- Pitcher
- Born: December 14, 1913 Mansfield Township, New Jersey, U.S.
- Died: January 2, 1994 (aged 80) Willingboro Township, New Jersey, U.S.
- Batted: SwitchThrew: Left

MLB debut
- September 20, 1936, for the Philadelphia Athletics

Last MLB appearance
- September 20, 1947, for the Boston Red Sox

MLB statistics
- Win–loss record: 73–113
- Earned run average: 3.82
- Strikeouts: 694

Teams
- Philadelphia Athletics (1936–1939); Chicago White Sox (1939–1943, 1946–1947); Boston Red Sox (1947);

Career highlights and awards
- 2× All-Star (1941, 1942);

= Eddie Smith (pitcher) =

American baseball player (1913–1994)

Edgar Smith (December 14, 1913 – January 2, 1994) was an American professional baseball starting pitcher in Major League Baseball who played for the Philadelphia Athletics (1936–1939), Chicago White Sox (1939–1943, 1946–1947) and Boston Red Sox (1947). Smith was a switch-hitter and threw left-handed. He was born in Mansfield Township, Burlington County, New Jersey.

In a 10-season career, Smith posted a 73–113 record with 694 strikeouts and a 3.82 ERA in 1,5952/3 innings pitched.

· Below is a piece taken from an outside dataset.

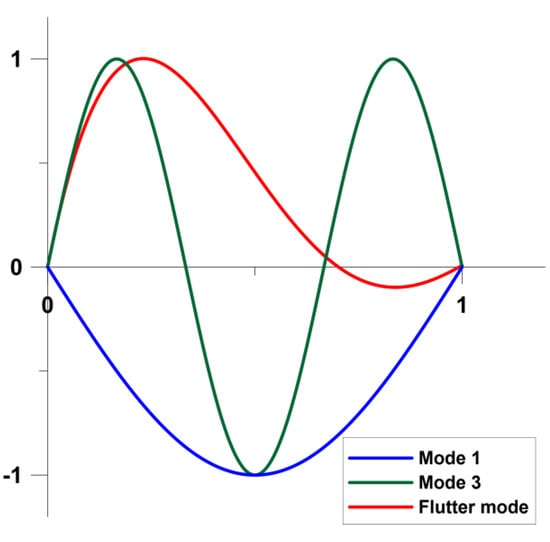 The fluttering mode is completely different that natural vibration modes of the structure—see the graphical representation shown in Figure 2.

Joe DiMaggio started his 56-game hitting streak on May 15, 1941 by getting one hit in four at bats against Smith. Later that year, Smith was selected to represent the White Sox on the American League's All-Star team. He entered 1941 Major League Baseball All-Star Game on July 8 at Briggs Stadium as a relief pitcher in the eighth inning and allowed a two-run home run to left-handed-hitting shortstop Arky Vaughan, putting the AL at a 5–3 disadvantage. But he set down the National League squad in order in the ninth, and came away with the victory when Ted Williams hit a three-run, walk-off home run in the ninth, capping the Junior Circuit's rally.

Smith died in Willingboro Township, New Jersey, at the age of 80.